For the sake of presentation clarity, we provide bodies of algorithms in Supplementary Materials and their summaries in the main text. Additional figures and tables are also provided in Supplementary Materials.

Figure 1
figure 1

We model sequence alignment as an inference problem in a latent variable model. We assume the true alignments are generated through a joint model, while random pairs are generated through independent models. In the joint model, a latent variable \(H = \{i,m,d\}^{S}\) is first sampled from a multinomial distribution. Here, “m”, “i”, and “d” represent match/mismatch, insertion and deletion. Then sequences \({\bar{X}}_{H}\) and \({\bar{Y}}_{H}\) are generated based on sequence H and probability matrices \(P_{m}\), \(P_{i}\), and \(P_{d}\). Whenever we have “m” at a position in H, the corresponding positions in \({\bar{X}}_{H}\) and \({\bar{Y}}_{H}\) are sampled jointly from \(P_{m}\). Whenever we have “d” at a position in H, the corresponding position in \({\bar{X}}_{H}\) is sampled from \(P_{d}\), while we have “−” for \({\bar{Y}}_{H}\). Whenever we have “i” at a position in H, the corresponding position in \({\bar{Y}}_{H}\) is sampled from \(P_{i}\), while we have “−” for \({\bar{X}}_{H}\). Then sequences X and Y are formed by removing “−” from \({\bar{X}}_{H}\) and \({\bar{Y}}_{H}\). For the independent model, X and Y are independently sampled from \(P_{r}^{X}\) and \(P_{r}^{Y}\).

Figure 2
figure 2

In the joint model, a latent variable \(H = \{i,m,d\}^{S}\) is first sampled, and then \({\bar{X}}_{H}\) and \({\bar{Y}}_{H}\) are generated based on H. X and Y are generated by removing “−” from \({\bar{X}}_{H}\) and \({\bar{Y}}_{H}\). Here, “m”, “i” and “d” stand for match/mismatch, insertion and deletion.

Results

We benchmarked DSB-SA against popular alignment methods in several scenarios.
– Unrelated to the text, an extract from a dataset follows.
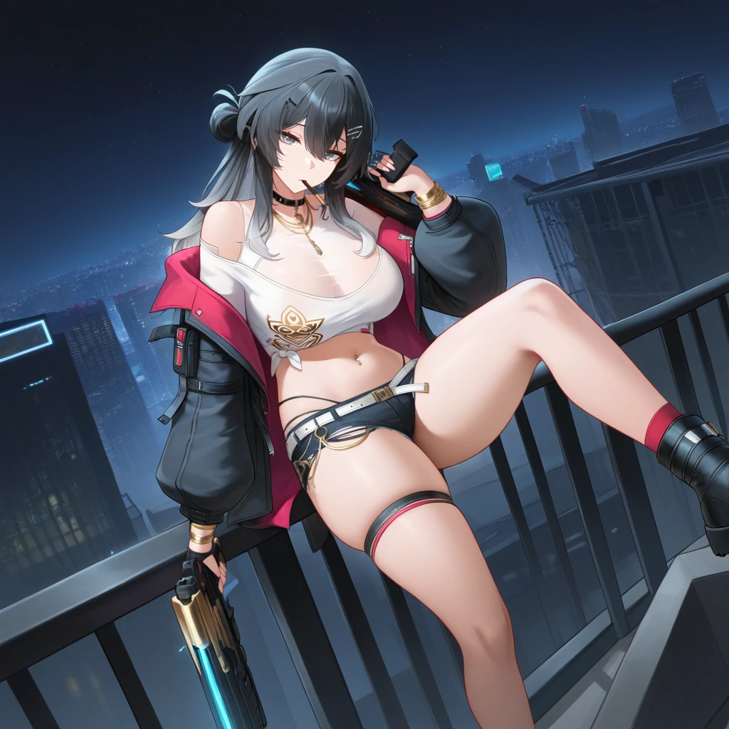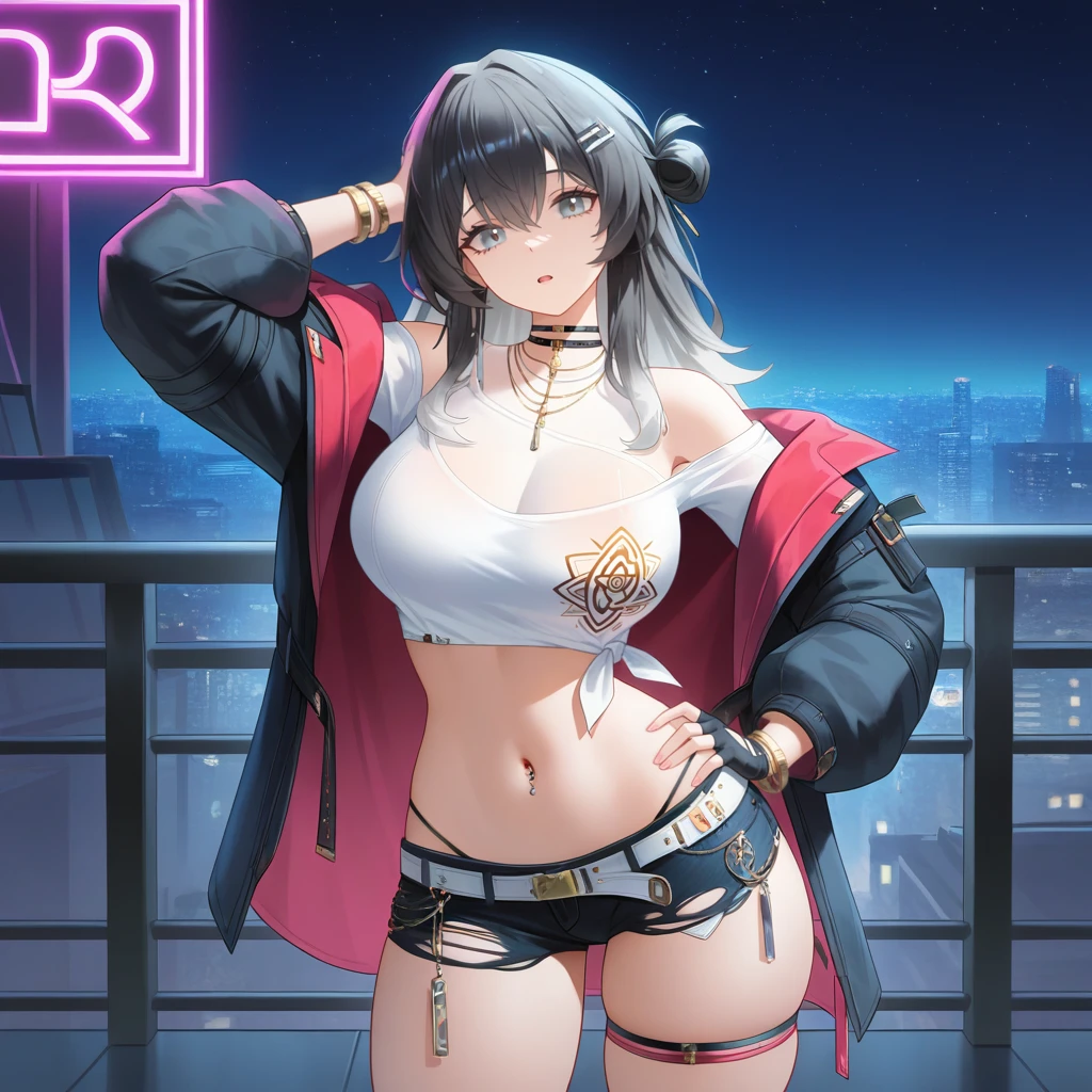 ParvatiAG, Prv_Def, grey eyes, grey hair, gradient hair, see-through cleavage, crop top, white shirt, off-shoulder shirt, tied shirt, print shirt, multiple necklaces, belt choker, black choker, hairclip, off shoulder, open jacket, midriff, navel piercing, single fingerless glove, black gloves, navel, black jacket, two-sided jacket, puffy long sleeves, uneven sleeves, black sleeves, gold bracelets, micro shorts, black shorts, denim shorts, torn shorts, white belt, buckle, ????? straps, thigh strap, black footwear, ankle boots, red socks, belt boots,Optional: For uncensored version remove "see-through cleavage," and add "cleavage".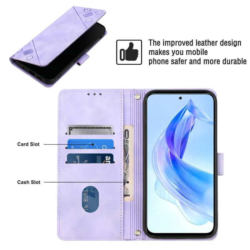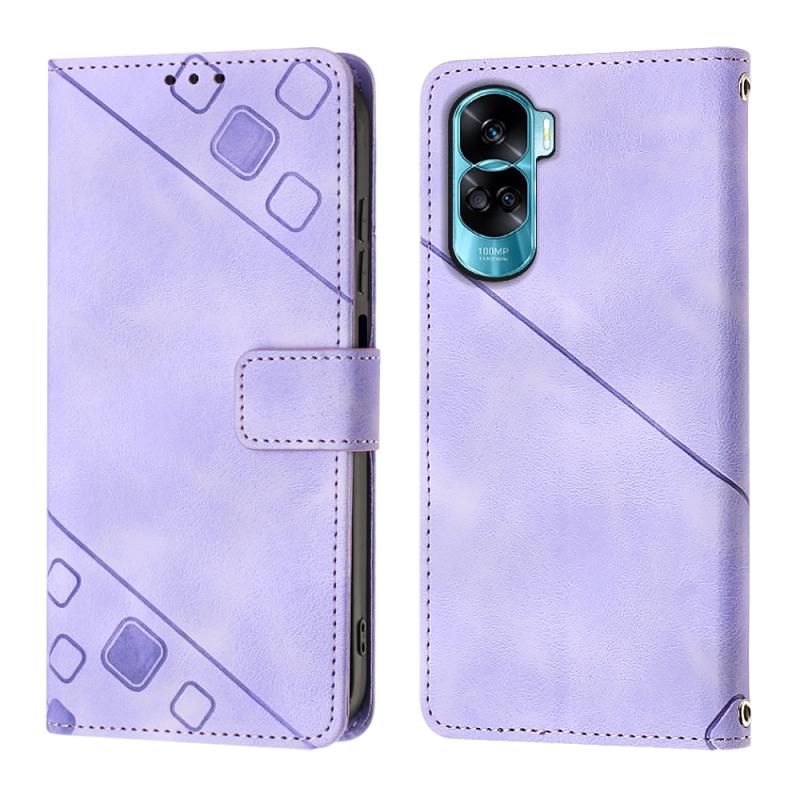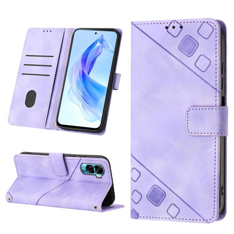 For Honor 90 Lite Skin-feel Embossed Leather Phone Case(Light Purple)

The scenarios include aligning simulated reads against a reference genome, aligning experimental reads against corresponding genomes, and aligning E. coli reads against reference genomes of distance homologs. In each scenario both Sensitivity and False Positives are reported. Sensitivity is measured as the proportion of aligned regions (read to genome) in the reference that are reported by the corresponding method. A sensitivity of 1 means that every region in the reference is recovered while 0 means no regions in the genome are recovered.

Brief overview of distribution sensitive bucketing

Distribution Sensitive Bucketing (DSB) consists of the following steps (see details in the Method Section). First, a directed graph is constructed, where each sink node represents a bucket. Then, starting from the source node, query and reference reads are mapped to one or several buckets through the decision graph (at each node in the graph, the decision graph might route a read to more than one direction). Finally, all the buckets are explored, and pairs of query and reference reads in each bucket are reported as matches. In the following, DSB-HMM refers to DSB algorithm in case of HMM model (Algorithms 1 and 2), while DSB-SA refers to DSB algorithm in case of string alignment model (Algorithms 3 and 5).

We benchmarked DSB-SA against MHAP5, Minimap26, DALIGNER7, BlasR8, MMSeqs29, GraphMap10, CD-HIT11, and Winnowmap12. MHAP is the state of the art algorithm for aligning reads with high insertion, deletion, and mismatch rates, that is based on compressing sequences to their representative fingerprints and detecting overlaps by estimating Jaccard’s similarity using min-wise hashing13. Minimap2 is a general-purpose alignment program for mapping DNA reads to reads/large reference databases, that is based on collecting and indexing minimizers in a hash table6. DALIGNER is based on an efficient and highly sensitive filter that predicts points between pairs of reads that are likely to have a significant local alignment passing through them7. BlasR first finds clusters of short exact matches between the read and the genome using a suffix array, and then perform a more detailed alignment of the regions where reads are matched8. MMSeqs2 is a sensitive and fast alignment program that utilizes k-mer matching and ungapped alignment to speed up mapping without losing sensitivity9. GraphMap is a fast and sensitive reads mapping program which is designed to analyze sequence data with high error such as nanopore sequencing data10. CD-HIT is a clustering algorithm that group reads together based on their pair-wise similarity11. Winnowmap is a direct descendent of Minimap2, and it uses weighted frequently occurring k-mers to reduce excessive false positives12.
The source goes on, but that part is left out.